- CarGurus dilaporkan terkena serangan vishing ShinyHunters
- Peretas mengklaim telah mencuri 1,7 juta catatan
- CarGurus tetap mengantri untuk saat ini
Pasar mobil online CarGurus diduga merupakan perusahaan terbaru yang menjadi korban serangan vishing ShinyHunters.
Kelompok peretas terkenal ini memposting catatan baru di situs kebocoran datanya yang memperingatkan CarGurus untuk bertindak cepat atau data sensitif mereka diposting di web gelap.
“Ini adalah peringatan terakhir yang harus Anda hubungi paling lambat tanggal 20 Februari 2026 sebelum kami membocorkannya bersama dengan beberapa masalah (digital) mengganggu yang akan menimpa Anda,” tulis ShinyHunters dalam pengumumannya.
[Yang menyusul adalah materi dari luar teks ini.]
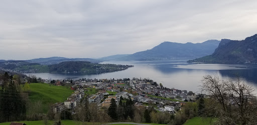What a sight to see! This pilatus takes you on a 5 minute trip to the mountain side. On the way up you get gorgeous views of the lake and the swiss Alps! For a round trip doing just this one pilatus (there's more) was 24 Frank's for 2 adults and our kids (3 & 5) and our dog were free. You pay when you get to the top (first stop). You just stand in line at the bottom and get on quickly when it's your turn. Each cabin seats 8 people. Then pay the gentlemen when you get to the top. It's Swiss Frank's cash only, no card. You can also purchase a pass. If you forgot cash, no worries, the resturant at the top can give you cash with purchase. At the top, there's an indoor resturant with a gorgeous view! There's indoor and outdoor seating, both with sites of the gorgeous view. There's also a trail to the next pilatus lift which I believe was about an hour or more (depending on the trail you take up). I was scared out of my wits, but it was worth the trip! The gentleman that takes your payment at the top was very outgoing and nice to talk to too.

Kelompok tersebut mengatakan mereka mencuri informasi pengenal pribadi (PII) dan “data internal perusahaan lainnya,” dengan total 1,7 juta catatan.
Satu lagi korban
CarGurus belum mengomentari berita tersebut, dan situs webnya tidak mengatakan apa pun tentang potensi pelanggaran.
Jika klaim tersebut benar, maka CarGurus akan menjadi korban ShinyHunters ke-15 yang dilanggar dengan cara yang sama baru-baru ini – dengan panggilan telepon phishing yang mengarah ke kompromi Okta, Entra, atau Google Dasbor SSO.
Para ahli dari Google dan Mandiant baru-baru ini menjelaskan bagaimana ShinyHunters mampu menembus begitu banyak organisasi dengan begitu cepat – dengan menerapkan kombinasi infrastruktur vishing dan infrastruktur khusus yang sangat efektif.
Semuanya dimulai dengan panggilan telepon di mana ShinyHunters menyamar sebagai staf TI dan operator teknologi. Mereka menghubungi karyawan di berbagai posisi dan memberi tahu mereka bahwa pengaturan MFA mereka perlu diperbarui.
Pada saat yang sama, mereka menggunakan infrastruktur yang disesuaikan: mereka telah membuat halaman arahan phishing yang sangat modular dan dapat disesuaikan sehingga dapat mereka sesuaikan secara real-time. Oleh karena itu, jika korban menggunakan Google SSO, mereka akan diberikan laman landas yang sesuai, yang kemudian dapat diubah, bergantung pada jenis MFA yang digunakan karyawan tertentu.
Saat penyerang mendapatkan kredensial masuk dan kode MFA, mereka masuk ke dasbor Okta, Entra, atau Google SSO, yang melaluinya mereka dapat memilih jenis data yang akan dicuri: Tenaga penjualan, Microsoft 365, SharePoint, DocuSign, Dropbox, atau banyak lainnya. ShinyHunters rupanya lebih memilih Salesforce, meski mereka juga tidak akan melewatkan kesempatan lain.
Terakhir, setelah mengekstraksi semua data yang dicuri, mereka akan menambahkan sampel ke halaman kebocoran data dan menghubungi korban untuk meminta mereka membayar.
Beberapa perusahaan yang menjadi korban serangan ini antara lain Mercer Advisors, Beacon Pointe Advisors, Canada Goose, Figure Technology Solutions, Betterment, Match Group, Panera Bread, Carvana, dan Edmunds.
Melalui Daftar
Antivirus terbaik untuk semua anggaran
Ikuti TechRadar di Google Berita Dan tambahkan kami sebagai sumber pilihan untuk mendapatkan berita, ulasan, dan opini pakar kami di feed Anda. Pastikan untuk mengklik tombol Ikuti!
Dan tentu saja Anda juga bisa Ikuti TechRadar di TikTok untuk berita, review, unboxing dalam bentuk video, dan dapatkan update rutin dari kami Ada apa juga.